Tribunal Administratif de Nancy — Décision N° TA54-2501116

mercredi 16 avril 2025

JuridictionTribunal Administratif de Nancy
SectionTribunal Administratif de Nancy
N° DossierTA54-2501116
TypeDécision
RecoursExcès de pouvoir
FormationReconduites à la frontière
Avocat requérantMOREL

Texte intégral

Vu la procédure suivante :

Par une requête enregistrée le 5 avril 2025 à 10 heures 36 et un mémoire complémentaire enregistré le 14 avril 2025, Mme A D demande au tribunal d'annuler l'arrêté du 4 avril 2025 par lequel le préfet du Bas-Rhin lui a fait obligation de quitter le territoire français sans délai, a fixé le pays à destination duquel elle est susceptible d'être reconduite, et a prononcé à son encontre une interdiction de circulation sur le territoire français d'une durée d'un an ;

Elle soutient que :

En ce qui concerne les moyens communs aux décisions attaquées :

- elles sont entachées d'incompétence de l'auteur de l'acte ;

- elles sont insuffisamment motivées ;

- elles ne lui ont pas été notifiées dans une langue qu'elle comprend.

En ce qui concerne la décision portant obligation de quitter le territoire français :

- elle porte atteinte à sa vie privée et familiale et méconnaît l'article 8 de la convention européenne de sauvegarde des droits de l'homme et des libertés fondamentales.

En ce qui concerne la décision fixant le pays de destination :

- elle méconnaît à l'article 3 de la convention européenne de sauvegarde des droits de l'homme et des libertés fondamentales.

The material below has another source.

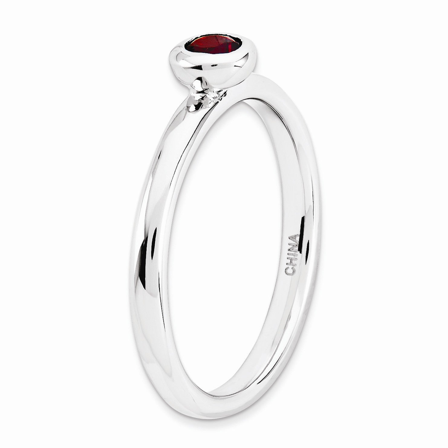 Garnet, January's birthstone symbolizes romance, love and passion; it is also believed to bring inspiration. This 2.5mm band fashioned from rhodium plated sterling silver is bezel set in a low profile mounting with a 4mm gemstone that will add vibrant color to your finger. Guaranteed to fit together perfectly with all of the mix and match Stackable Expressions rings.

En ce qui concerne la décision refusant de lui accorder un délai de départ volontaire :

- elle est entachée d'une erreur d'appréciation quant à l'urgence à l'éloigner du territoire français dès lors que son comportement ne constitue pas une menace pour l'ordre public ;

- elle ne présente pas de risque de fuite.

En ce qui concerne la décision portant interdiction de circulation sur le territoire français :

- elle est illégale en raison de l'illégalité de la décision portant obligation de quitter le territoire français ;

- elle est entachée d'une erreur d'appréciation.

Par un mémoire en défense enregistré le 8 avril 2025, le préfet du Bas-Rhin conclut au rejet de la requête.

Il soutient que les moyens de la requête ne sont pas fondés.

Vu les autres pièces du dossier.

Vu :

- le code de l'entrée et du séjour des étrangers et du droit d'asile ;

- la loi n° 91-647 du 10 juillet 1991 ;

- le code de justice administrative.

La présidente du tribunal a désigné Mme Sousa Pereira, première conseillère, pour exercer les pouvoirs qui lui sont attribués par l'article L. 922-2 du code de l'entrée et du séjour des étrangers et du droit d'asile.

Les parties ont été régulièrement averties du jour de l'audience.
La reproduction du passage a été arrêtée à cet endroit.